You’ll find colorful skulls mixed in with the geometric shapes, falling leaves and slightly creepy giant eyes.

Lloyd grew up in Pocatello. When he was a teenager, he would sit outside clubs and draw poster art for the bands that came through town. Gilbert’s band Finn Riggins played there often, and the two became friends.

Lloyd moved to Boise several years ago to study illustration and art at Boise State University, and reconnected with Gilbert, who turned to Lloyd for the first year of Treefort. Lloyd created the logo and came up with a weird character with eyes that moved in an animated gif on the website.

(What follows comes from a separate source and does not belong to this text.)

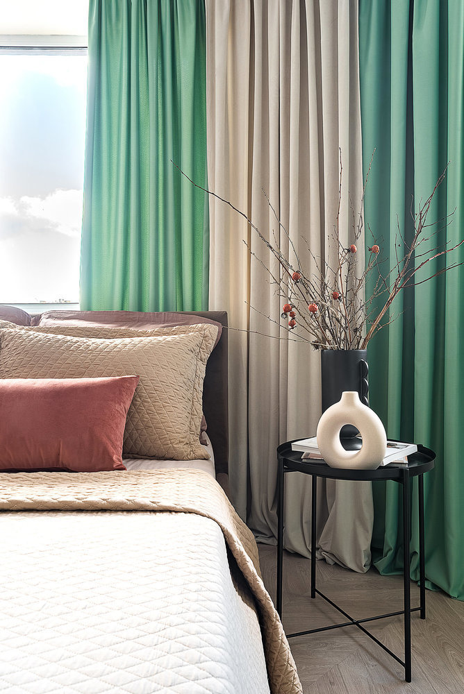 Большая часть мебели из ИКЕА. Кровать с велюровой обивкой кофейного цвета изготовили на заказ, чтобы изголовье было в один уровень с подоконником.

This year’s mascot is a man made of bricks — inspired by turrets Lloyd drew one year — and a humorous “Log Guy with Nest Head.”

“Every year I try to do something a little different,” said Lloyd, who works for Treefort year-round and does freelance illustration on the side.

“I don’t do them with a narrative in mind, but I like to add enough details that people can come up with their own narratives with what they bring to it.”

Treefort Music Fest

Through Sunday at various venues in Downtown Boise. $185 five-day wristband; $299 zipline pass; $99 for an under-21 wristband. Day passes: $65 to $95; main stage-only passes: $35 and $45. Also, add-on event ticket: $25 for the FiveThirtyEight live broadcast. TreefortMusicFest.com.

Thursday’s highlights

MUSIC

▪  Built to Spill’s Doug Martsch will play a solo show: 7:30 to 8:15 p.m., Boise Contemporary Theater, 854 Fulton St.

▪  L.A.-based indie rapper Open Mike Eagle: 10:15 to 11 p.m., El Korah Shrine, 1118 W. Idaho St.

▪  Hip-hop rockers Why?: 11:30 p.m. to 1 a.m., El Korah Shrine.

▪  All-female punk rockers The Coathangers: midnight to 1:15 a.m, The Linen Building, 1402 W. Grove St.

NOT MUSIC

▪  Check out Boise comic Emma Arnold and a lineup that includes Georgia-based Lace Larrabee at Comedyfort at Liquid Laughs, 405 S. 8th St. Free with Treefort wristband; $10 general.

▪  Filmfort will screen Oscar- and Emmy-winning director Terry Sanders’ “Liza, Liza, Skies are Grey” at 5:30 p.m. on the second floor of The Owyhee, 1109 W. Main St.

▪  Obsessed with the fake news phenomenon? See what a panel of journalists, including the Idaho Statesman’s Anna Webb and Bill Dentzer, has to say at Storyfort’s “Bury the Lead: Fake News, Real News & Journalism,” at noon at The Owyhee.